One final, really cool example
That said, regex is capable of quite a lot! I’ll leave you with one of the coolest I’ve ever seen, which illustrates one of the most useful tools in regex, the back-reference (or backref):
(interactive version on regexr)
It’s a prime number detector! Or at least a composite number detector. This will match on any composite number of x’s in a row (e.g. xxxx) , and not match on any prime (e.g. xxxxx). Let’s break it down one more time.

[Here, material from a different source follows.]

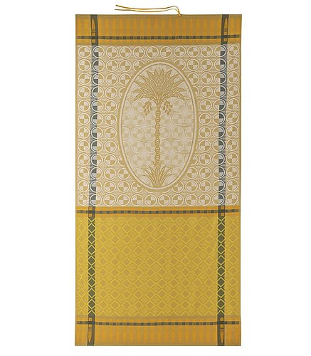 Rooted in French textile artistry, the Palmerie Yellow towel is a true masterpiece. The jacquard weave technique creates a rich texture with intricate detailing, making the central palm tree design feel alive with elegance and movement. The vibrant yellow hue reflects the warmth of golden hour, while the geometric patterns ground the piece in modern sophistication. It's more than a towel-it's an expression of effortless chic, crafted with care and purpose.
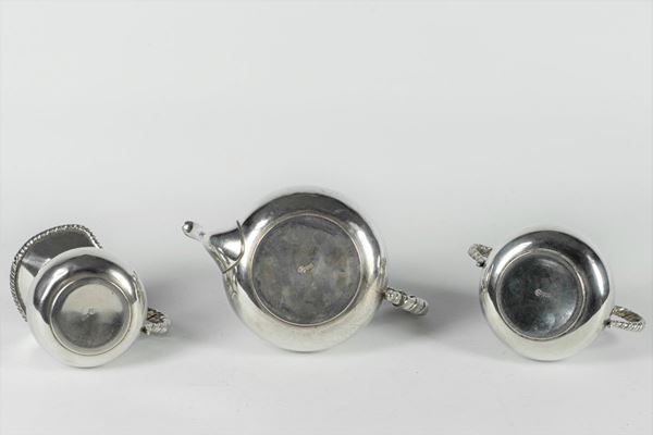 with embossed edges and handles with a torchon motif, consisting of: teapot, milk jug and sugar bowl. Tot. 3 pcs. Weight gr. 940. Maximum height cm. 14.

|^x?$|||Match the start of the line, 0 or 1 x, and the end of the line. This handles the special cases of 0 and 1, which are non-prime by definition. The | at the end means or, letting the regex move on to use our general algorithm when it doesn’t meet this special case.|
|^(xx+?)||Match 2 or more x at the start of the line and remember the match thanks to the parentheses. The ? makes the + non-greedy, so it will stop at xx if it hasn’t already, then xxx, and so on. This generates the test divisors in our algorithm.|
|\1+$||Uses a backref (\1) to repeat the remembered match one or more times until the end of the line. If this works, it means the input can be divided evenly by the match, which is always at least 2, so the number is composite|
Our algorithm here, outside of the 0 and 1 cases, is to take the smallest chunk of two or more we haven’t tried yet, then try to match it as many times as we can against the rest of the string. If this works, it means the number can be divided evenly by the test value, and is therefore not prime. If it doesn’t, we keep incrementing our test divisor and trying again. If the number is prime, eventually the test divisor will be as long as the string itself, and the regex will stop since it has tried every possibility without finding a match.
Now, go forth with your regex swiss army knife freshly sharpened. Mess about, make mistakes, and have fun with it until it’s a trusted tool you can reach for like any other.